### Activity
Using the entries below, copy exactly each line from the line with "本発明の実施形態に係るホイールローダの一構成例を示す外観側面図である。" up to and including the line with "If a WordPress", with every picture left out.

### Data for review
■ ■ ■ ■

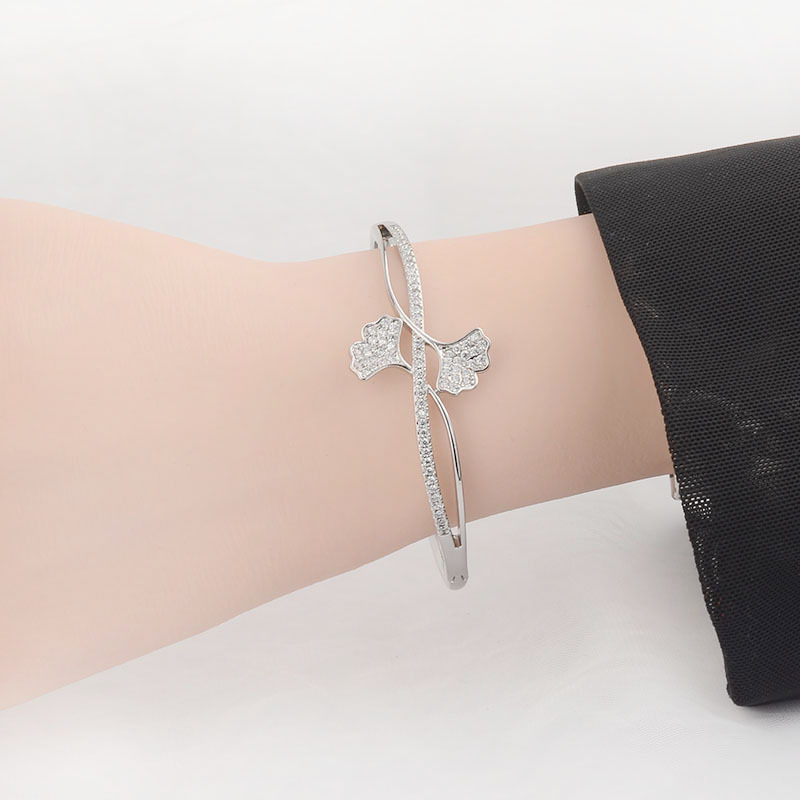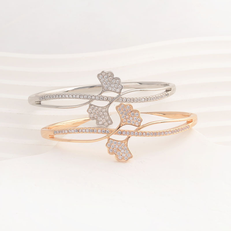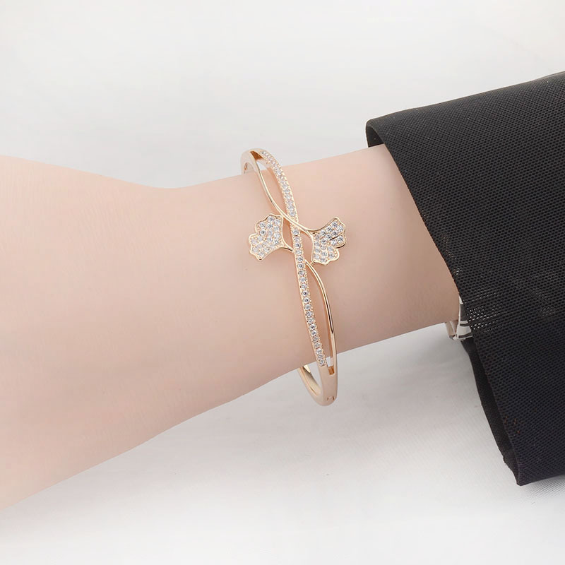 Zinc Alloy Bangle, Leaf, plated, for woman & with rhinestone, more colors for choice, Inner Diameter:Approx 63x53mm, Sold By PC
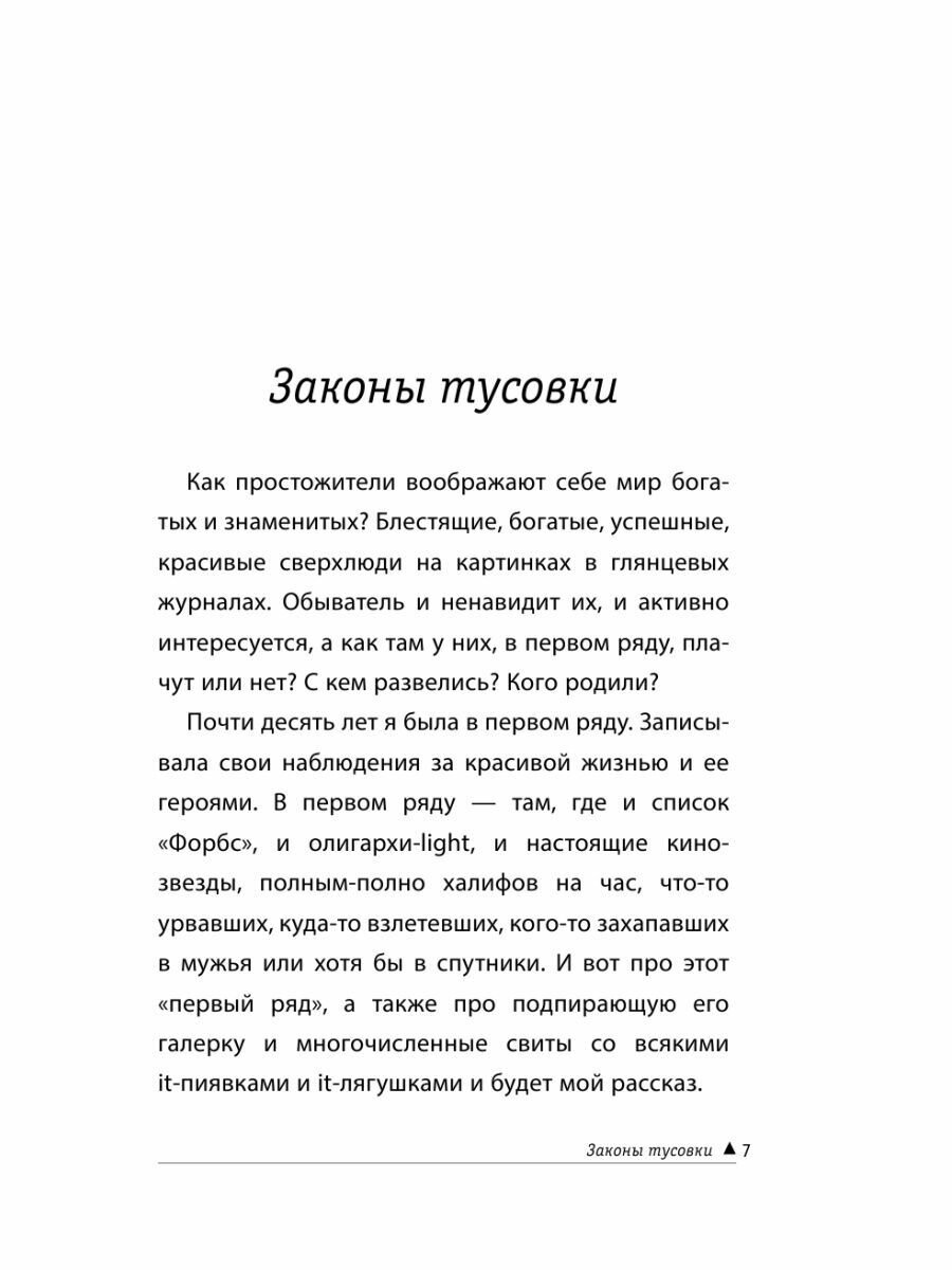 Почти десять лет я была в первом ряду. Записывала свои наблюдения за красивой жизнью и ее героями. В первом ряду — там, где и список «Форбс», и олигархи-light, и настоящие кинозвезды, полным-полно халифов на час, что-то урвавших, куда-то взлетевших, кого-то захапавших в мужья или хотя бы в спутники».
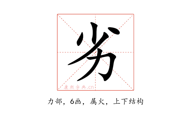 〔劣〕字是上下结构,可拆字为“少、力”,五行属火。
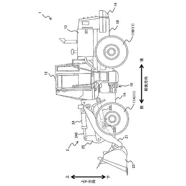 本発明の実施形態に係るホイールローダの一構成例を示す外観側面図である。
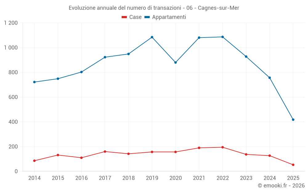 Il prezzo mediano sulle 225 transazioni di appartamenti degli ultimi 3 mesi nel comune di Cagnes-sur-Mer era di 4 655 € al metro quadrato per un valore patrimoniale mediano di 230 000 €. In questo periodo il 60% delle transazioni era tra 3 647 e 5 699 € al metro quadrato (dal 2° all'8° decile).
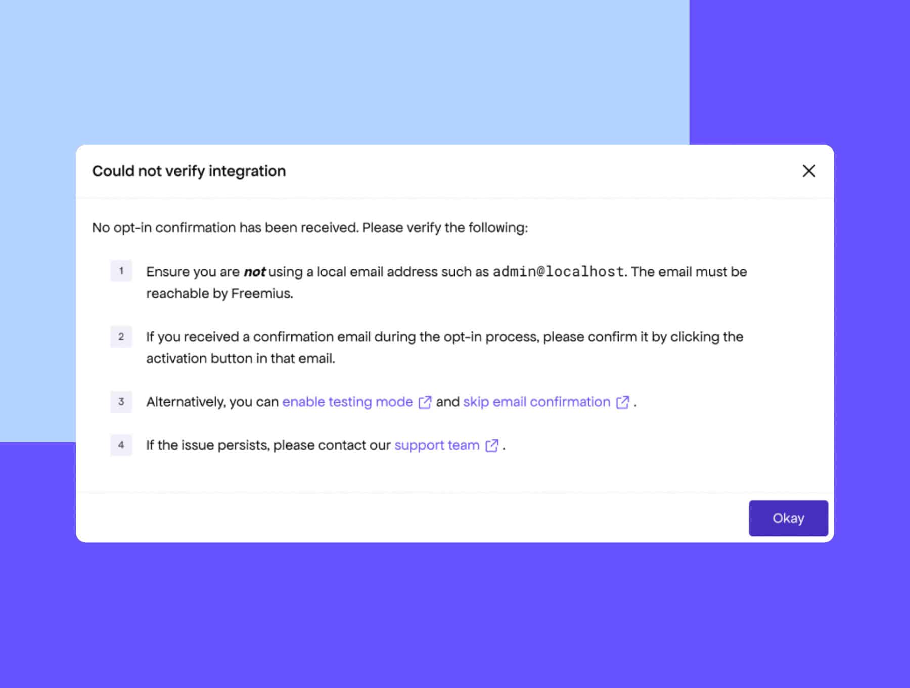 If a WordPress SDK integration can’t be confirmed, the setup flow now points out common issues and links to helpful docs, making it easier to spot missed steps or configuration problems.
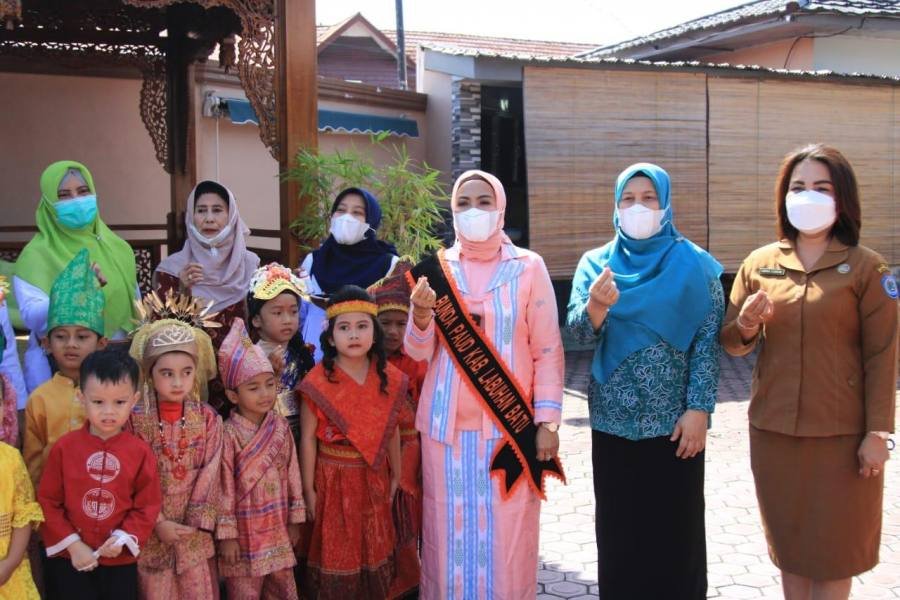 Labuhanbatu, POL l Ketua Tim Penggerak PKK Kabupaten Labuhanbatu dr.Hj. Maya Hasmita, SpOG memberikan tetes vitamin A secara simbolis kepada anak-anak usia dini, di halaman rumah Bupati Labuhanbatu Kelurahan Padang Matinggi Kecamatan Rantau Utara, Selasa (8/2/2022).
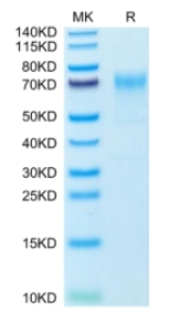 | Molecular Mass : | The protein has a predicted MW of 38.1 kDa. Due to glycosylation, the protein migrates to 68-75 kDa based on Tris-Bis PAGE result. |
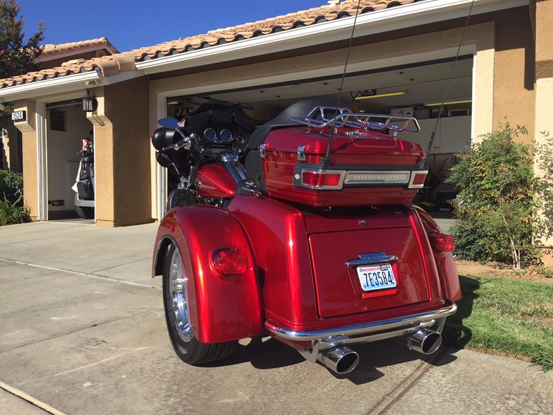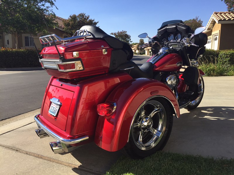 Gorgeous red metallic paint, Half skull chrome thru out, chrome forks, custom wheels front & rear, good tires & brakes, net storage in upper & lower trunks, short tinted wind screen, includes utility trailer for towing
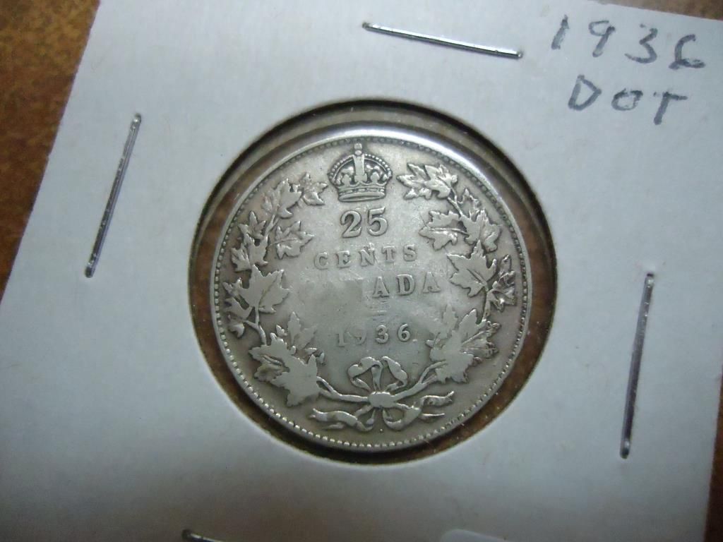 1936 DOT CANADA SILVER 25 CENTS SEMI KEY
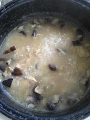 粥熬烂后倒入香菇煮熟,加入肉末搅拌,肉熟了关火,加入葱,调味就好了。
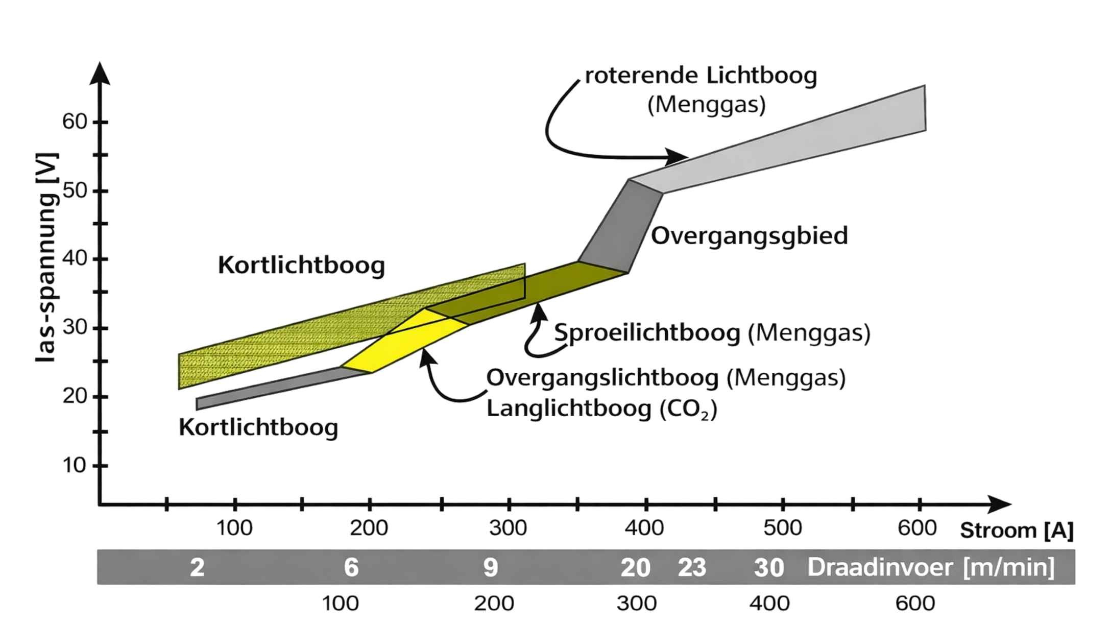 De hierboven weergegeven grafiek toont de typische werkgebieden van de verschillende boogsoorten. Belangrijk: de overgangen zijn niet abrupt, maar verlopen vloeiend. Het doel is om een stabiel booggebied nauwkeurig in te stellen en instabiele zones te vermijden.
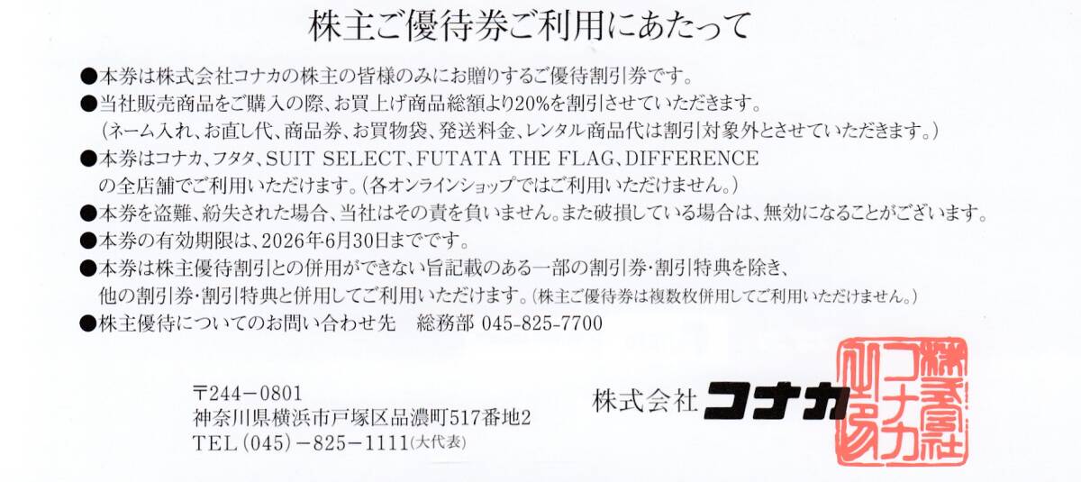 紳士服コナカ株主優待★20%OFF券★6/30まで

■ ■ ■ ■

### Expected output
 本発明の実施形態に係るホイールローダの一構成例を示す外観側面図である。
 Il prezzo mediano sulle 225 transazioni di appartamenti degli ultimi 3 mesi nel comune di Cagnes-sur-Mer era di 4 655 € al metro quadrato per un valore patrimoniale mediano di 230 000 €. In questo periodo il 60% delle transazioni era tra 3 647 e 5 699 € al metro quadrato (dal 2° all'8° decile).
 If a WordPress SDK integration can’t be confirmed, the setup flow now points out common issues and links to helpful docs, making it easier to spot missed steps or configuration problems.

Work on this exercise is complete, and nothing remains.